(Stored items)
• • • •

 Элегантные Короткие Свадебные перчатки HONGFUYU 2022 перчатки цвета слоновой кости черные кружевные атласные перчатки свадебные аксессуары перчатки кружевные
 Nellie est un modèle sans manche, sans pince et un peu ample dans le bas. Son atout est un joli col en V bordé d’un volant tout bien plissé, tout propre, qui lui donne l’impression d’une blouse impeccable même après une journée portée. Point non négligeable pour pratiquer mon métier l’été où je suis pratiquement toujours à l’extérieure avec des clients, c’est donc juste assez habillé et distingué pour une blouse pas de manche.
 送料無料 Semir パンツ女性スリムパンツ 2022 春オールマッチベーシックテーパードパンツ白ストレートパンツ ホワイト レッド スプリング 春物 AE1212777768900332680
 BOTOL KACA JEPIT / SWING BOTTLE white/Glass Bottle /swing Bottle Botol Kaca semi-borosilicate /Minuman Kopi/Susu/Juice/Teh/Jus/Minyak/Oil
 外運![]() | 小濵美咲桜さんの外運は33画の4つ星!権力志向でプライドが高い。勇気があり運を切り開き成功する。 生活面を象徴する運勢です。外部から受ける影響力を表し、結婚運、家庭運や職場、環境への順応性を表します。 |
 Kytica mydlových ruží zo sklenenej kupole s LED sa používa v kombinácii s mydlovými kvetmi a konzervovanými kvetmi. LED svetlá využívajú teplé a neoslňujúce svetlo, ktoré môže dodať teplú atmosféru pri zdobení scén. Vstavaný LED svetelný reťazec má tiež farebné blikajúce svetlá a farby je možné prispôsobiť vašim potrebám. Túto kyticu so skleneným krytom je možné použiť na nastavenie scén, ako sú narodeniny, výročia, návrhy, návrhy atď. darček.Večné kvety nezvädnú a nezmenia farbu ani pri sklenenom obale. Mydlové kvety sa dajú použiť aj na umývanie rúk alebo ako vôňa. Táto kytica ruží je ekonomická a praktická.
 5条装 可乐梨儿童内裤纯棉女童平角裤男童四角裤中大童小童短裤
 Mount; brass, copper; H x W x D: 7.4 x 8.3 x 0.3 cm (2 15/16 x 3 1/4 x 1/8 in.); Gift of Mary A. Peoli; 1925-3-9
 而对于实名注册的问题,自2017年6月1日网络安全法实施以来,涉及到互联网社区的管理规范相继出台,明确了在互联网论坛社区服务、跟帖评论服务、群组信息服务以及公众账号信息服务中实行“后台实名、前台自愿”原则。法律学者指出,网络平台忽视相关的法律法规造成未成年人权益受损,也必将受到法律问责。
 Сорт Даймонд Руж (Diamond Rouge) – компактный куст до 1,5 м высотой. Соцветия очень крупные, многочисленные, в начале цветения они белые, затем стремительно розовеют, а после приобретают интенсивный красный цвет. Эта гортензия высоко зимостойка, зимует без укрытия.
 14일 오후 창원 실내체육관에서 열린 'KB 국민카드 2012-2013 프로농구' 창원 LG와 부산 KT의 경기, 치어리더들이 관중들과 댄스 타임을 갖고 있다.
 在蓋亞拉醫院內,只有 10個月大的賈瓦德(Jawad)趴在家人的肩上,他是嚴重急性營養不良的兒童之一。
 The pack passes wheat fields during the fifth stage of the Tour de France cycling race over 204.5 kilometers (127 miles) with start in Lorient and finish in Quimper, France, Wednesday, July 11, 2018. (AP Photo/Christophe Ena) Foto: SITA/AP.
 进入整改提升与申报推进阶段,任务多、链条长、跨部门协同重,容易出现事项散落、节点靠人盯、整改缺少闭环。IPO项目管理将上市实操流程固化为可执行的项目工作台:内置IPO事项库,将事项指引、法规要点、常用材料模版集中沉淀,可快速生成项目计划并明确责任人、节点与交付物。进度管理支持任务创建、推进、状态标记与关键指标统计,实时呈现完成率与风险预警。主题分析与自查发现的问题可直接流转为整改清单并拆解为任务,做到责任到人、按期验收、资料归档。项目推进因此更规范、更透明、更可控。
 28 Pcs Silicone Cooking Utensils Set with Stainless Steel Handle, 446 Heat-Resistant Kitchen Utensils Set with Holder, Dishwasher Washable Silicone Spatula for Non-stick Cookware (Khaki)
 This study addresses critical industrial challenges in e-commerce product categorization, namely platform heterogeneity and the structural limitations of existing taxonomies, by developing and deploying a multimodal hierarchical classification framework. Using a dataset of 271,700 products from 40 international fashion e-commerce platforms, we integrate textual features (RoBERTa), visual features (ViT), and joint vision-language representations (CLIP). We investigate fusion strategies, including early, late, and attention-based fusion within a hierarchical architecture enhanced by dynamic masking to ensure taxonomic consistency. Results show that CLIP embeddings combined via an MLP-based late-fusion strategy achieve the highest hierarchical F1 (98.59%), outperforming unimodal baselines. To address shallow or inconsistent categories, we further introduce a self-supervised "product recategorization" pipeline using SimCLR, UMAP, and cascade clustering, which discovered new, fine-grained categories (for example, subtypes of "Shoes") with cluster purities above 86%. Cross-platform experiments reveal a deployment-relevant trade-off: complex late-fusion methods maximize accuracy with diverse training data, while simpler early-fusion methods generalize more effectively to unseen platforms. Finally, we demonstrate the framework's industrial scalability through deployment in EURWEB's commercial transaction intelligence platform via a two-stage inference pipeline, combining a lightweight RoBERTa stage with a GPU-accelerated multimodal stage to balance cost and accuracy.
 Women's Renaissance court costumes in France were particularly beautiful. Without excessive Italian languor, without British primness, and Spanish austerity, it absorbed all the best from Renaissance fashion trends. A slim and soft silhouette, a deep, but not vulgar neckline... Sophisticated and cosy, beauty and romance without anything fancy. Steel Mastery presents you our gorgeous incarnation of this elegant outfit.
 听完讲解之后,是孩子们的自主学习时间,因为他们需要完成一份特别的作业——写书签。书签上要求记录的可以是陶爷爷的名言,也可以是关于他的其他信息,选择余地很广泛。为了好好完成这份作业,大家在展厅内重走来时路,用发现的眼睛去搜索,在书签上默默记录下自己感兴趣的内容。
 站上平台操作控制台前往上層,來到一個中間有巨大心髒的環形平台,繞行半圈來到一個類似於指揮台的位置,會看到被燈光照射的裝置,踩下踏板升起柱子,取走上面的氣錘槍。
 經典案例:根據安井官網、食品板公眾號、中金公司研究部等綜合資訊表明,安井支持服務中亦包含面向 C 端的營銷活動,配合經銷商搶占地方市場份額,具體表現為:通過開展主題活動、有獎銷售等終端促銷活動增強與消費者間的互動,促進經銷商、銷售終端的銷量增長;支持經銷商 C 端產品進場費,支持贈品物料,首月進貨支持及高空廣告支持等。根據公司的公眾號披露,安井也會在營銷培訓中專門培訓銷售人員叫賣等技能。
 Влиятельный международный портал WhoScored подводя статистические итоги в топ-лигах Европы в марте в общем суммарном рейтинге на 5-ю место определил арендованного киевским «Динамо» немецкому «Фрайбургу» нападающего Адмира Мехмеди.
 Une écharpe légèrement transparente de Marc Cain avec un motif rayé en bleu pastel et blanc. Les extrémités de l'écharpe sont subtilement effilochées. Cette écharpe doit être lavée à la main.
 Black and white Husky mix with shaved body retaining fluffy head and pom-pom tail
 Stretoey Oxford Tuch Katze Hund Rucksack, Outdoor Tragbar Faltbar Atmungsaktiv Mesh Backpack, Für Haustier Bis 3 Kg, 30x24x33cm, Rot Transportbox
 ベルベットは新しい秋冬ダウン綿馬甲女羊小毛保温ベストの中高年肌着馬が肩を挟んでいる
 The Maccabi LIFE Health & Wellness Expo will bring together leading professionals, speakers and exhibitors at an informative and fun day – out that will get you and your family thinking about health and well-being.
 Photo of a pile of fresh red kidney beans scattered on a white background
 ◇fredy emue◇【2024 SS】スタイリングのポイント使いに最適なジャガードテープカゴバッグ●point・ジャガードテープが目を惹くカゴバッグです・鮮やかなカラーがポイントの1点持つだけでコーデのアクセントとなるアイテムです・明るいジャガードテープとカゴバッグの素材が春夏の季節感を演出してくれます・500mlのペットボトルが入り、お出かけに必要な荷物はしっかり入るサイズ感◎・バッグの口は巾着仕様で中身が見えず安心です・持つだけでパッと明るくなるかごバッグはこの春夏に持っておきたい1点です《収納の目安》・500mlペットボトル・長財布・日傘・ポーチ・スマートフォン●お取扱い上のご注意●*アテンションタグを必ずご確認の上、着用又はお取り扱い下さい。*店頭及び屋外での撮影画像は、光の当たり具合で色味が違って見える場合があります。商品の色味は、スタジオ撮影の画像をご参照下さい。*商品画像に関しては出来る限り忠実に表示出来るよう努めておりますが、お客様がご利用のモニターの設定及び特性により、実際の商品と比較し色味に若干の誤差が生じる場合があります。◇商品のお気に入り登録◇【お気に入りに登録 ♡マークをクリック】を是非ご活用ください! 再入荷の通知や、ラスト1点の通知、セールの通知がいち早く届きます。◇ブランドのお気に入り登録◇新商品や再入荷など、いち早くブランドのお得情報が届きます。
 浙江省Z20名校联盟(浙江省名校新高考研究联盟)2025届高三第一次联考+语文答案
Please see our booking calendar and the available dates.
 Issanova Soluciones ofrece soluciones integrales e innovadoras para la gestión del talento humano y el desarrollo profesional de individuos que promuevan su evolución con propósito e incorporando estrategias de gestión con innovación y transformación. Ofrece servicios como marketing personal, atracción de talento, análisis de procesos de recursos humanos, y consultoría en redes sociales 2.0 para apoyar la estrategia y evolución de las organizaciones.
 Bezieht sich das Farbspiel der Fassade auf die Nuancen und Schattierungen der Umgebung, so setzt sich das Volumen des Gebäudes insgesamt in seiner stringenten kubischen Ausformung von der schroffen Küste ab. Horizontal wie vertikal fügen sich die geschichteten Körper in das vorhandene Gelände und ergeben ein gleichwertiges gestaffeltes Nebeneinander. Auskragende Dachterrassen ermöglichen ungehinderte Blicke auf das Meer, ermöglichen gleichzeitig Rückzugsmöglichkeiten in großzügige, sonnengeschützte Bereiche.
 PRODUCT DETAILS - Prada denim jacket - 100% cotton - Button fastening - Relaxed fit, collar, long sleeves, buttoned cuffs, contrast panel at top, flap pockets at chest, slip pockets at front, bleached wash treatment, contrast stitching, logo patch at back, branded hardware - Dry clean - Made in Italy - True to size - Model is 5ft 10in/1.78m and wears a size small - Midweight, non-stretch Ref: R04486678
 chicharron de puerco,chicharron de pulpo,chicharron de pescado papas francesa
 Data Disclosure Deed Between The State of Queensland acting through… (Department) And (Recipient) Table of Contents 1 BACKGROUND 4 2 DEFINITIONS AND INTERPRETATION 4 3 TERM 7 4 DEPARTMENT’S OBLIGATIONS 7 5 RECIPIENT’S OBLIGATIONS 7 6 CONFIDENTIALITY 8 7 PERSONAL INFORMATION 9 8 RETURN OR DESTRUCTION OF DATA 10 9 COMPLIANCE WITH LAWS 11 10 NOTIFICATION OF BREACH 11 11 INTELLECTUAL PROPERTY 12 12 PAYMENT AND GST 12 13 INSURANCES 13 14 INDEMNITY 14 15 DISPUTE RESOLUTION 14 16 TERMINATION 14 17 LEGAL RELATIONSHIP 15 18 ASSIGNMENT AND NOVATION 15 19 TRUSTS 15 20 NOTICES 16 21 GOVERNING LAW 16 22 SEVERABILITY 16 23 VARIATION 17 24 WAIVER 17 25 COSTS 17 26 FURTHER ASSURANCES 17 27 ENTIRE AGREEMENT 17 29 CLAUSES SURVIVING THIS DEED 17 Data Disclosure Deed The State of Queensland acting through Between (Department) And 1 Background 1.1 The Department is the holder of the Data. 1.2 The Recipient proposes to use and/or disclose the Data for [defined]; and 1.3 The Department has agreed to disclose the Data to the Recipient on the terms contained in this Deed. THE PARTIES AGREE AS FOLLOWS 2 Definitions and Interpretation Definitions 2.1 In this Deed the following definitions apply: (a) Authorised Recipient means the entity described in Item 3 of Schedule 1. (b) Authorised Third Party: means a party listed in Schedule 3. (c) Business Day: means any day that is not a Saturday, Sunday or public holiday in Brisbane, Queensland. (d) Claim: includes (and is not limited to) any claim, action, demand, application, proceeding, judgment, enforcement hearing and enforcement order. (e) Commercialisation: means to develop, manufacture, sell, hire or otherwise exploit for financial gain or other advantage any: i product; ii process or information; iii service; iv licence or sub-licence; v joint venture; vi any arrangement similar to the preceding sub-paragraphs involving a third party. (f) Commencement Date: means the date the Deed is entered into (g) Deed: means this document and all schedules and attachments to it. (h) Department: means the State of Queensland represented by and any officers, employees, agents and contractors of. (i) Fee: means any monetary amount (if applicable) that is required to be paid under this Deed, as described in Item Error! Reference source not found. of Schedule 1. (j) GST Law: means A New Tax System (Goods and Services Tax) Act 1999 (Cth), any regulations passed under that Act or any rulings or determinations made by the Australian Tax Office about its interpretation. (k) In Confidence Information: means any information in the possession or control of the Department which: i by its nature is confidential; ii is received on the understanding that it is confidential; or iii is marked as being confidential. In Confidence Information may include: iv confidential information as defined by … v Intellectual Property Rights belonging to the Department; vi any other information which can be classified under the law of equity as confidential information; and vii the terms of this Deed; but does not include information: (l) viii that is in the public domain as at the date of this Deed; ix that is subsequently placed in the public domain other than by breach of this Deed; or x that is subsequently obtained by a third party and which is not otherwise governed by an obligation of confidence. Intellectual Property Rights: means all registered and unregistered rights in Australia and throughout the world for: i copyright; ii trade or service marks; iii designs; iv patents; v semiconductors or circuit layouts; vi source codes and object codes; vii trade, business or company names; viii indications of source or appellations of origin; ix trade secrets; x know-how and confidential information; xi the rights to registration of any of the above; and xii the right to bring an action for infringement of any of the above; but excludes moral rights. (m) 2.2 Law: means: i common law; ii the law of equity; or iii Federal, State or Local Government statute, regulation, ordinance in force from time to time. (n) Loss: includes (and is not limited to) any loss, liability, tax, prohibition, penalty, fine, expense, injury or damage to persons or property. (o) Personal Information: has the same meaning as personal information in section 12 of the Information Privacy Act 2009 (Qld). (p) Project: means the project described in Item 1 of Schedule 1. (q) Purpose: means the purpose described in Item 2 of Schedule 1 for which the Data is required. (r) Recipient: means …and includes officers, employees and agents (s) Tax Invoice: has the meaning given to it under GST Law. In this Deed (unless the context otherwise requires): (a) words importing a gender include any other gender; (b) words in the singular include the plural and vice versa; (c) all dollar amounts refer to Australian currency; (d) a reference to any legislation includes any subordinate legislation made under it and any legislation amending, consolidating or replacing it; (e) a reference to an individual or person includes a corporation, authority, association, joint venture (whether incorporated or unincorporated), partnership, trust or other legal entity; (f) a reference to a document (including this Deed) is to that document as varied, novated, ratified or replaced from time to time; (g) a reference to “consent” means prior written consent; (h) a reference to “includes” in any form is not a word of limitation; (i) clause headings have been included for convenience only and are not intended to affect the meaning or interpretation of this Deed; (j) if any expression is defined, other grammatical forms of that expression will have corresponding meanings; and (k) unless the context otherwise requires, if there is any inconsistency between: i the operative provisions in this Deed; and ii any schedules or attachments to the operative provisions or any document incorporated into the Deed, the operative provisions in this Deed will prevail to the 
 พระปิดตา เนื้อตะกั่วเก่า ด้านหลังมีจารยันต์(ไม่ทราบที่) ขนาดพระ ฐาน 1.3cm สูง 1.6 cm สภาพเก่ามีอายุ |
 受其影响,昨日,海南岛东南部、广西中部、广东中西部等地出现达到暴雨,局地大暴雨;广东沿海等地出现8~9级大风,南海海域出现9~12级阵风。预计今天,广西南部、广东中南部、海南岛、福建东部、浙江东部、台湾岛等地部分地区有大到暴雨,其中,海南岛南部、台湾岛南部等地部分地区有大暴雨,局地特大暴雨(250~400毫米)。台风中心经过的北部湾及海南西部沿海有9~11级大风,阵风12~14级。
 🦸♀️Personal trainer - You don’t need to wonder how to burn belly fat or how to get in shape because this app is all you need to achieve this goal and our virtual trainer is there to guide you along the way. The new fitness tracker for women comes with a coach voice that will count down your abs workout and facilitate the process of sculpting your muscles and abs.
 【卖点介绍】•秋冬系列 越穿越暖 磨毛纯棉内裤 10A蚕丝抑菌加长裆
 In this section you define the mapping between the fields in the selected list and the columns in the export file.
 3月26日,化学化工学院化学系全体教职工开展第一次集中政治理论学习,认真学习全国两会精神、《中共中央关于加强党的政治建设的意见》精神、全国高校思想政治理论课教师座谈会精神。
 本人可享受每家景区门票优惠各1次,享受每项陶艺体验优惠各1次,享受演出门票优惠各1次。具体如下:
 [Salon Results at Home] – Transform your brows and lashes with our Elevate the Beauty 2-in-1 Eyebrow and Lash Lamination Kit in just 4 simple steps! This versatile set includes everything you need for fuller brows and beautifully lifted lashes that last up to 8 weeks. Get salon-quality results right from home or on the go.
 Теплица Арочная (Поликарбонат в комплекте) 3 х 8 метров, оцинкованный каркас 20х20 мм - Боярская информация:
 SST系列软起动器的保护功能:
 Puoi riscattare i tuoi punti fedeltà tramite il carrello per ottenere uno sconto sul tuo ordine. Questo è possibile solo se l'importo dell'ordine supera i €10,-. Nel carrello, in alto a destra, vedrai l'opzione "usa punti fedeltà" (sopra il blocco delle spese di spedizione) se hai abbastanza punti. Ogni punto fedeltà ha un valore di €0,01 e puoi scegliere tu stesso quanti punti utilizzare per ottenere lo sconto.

• • • •

■ **TO DO**: Repeat, word for word, the lines from the start of the records to the line that contains "BOTOL KACA JEPIT", both of them included, and no others.

■ **ANSWER BELOW**:
 Элегантные Короткие Свадебные перчатки HONGFUYU 2022 перчатки цвета слоновой кости черные кружевные атласные перчатки свадебные аксессуары перчатки кружевные
 Nellie est un modèle sans manche, sans pince et un peu ample dans le bas. Son atout est un joli col en V bordé d’un volant tout bien plissé, tout propre, qui lui donne l’impression d’une blouse impeccable même après une journée portée. Point non négligeable pour pratiquer mon métier l’été où je suis pratiquement toujours à l’extérieure avec des clients, c’est donc juste assez habillé et distingué pour une blouse pas de manche.
 送料無料 Semir パンツ女性スリムパンツ 2022 春オールマッチベーシックテーパードパンツ白ストレートパンツ ホワイト レッド スプリング 春物 AE1212777768900332680
 BOTOL KACA JEPIT / SWING BOTTLE white/Glass Bottle /swing Bottle Botol Kaca semi-borosilicate /Minuman Kopi/Susu/Juice/Teh/Jus/Minyak/Oil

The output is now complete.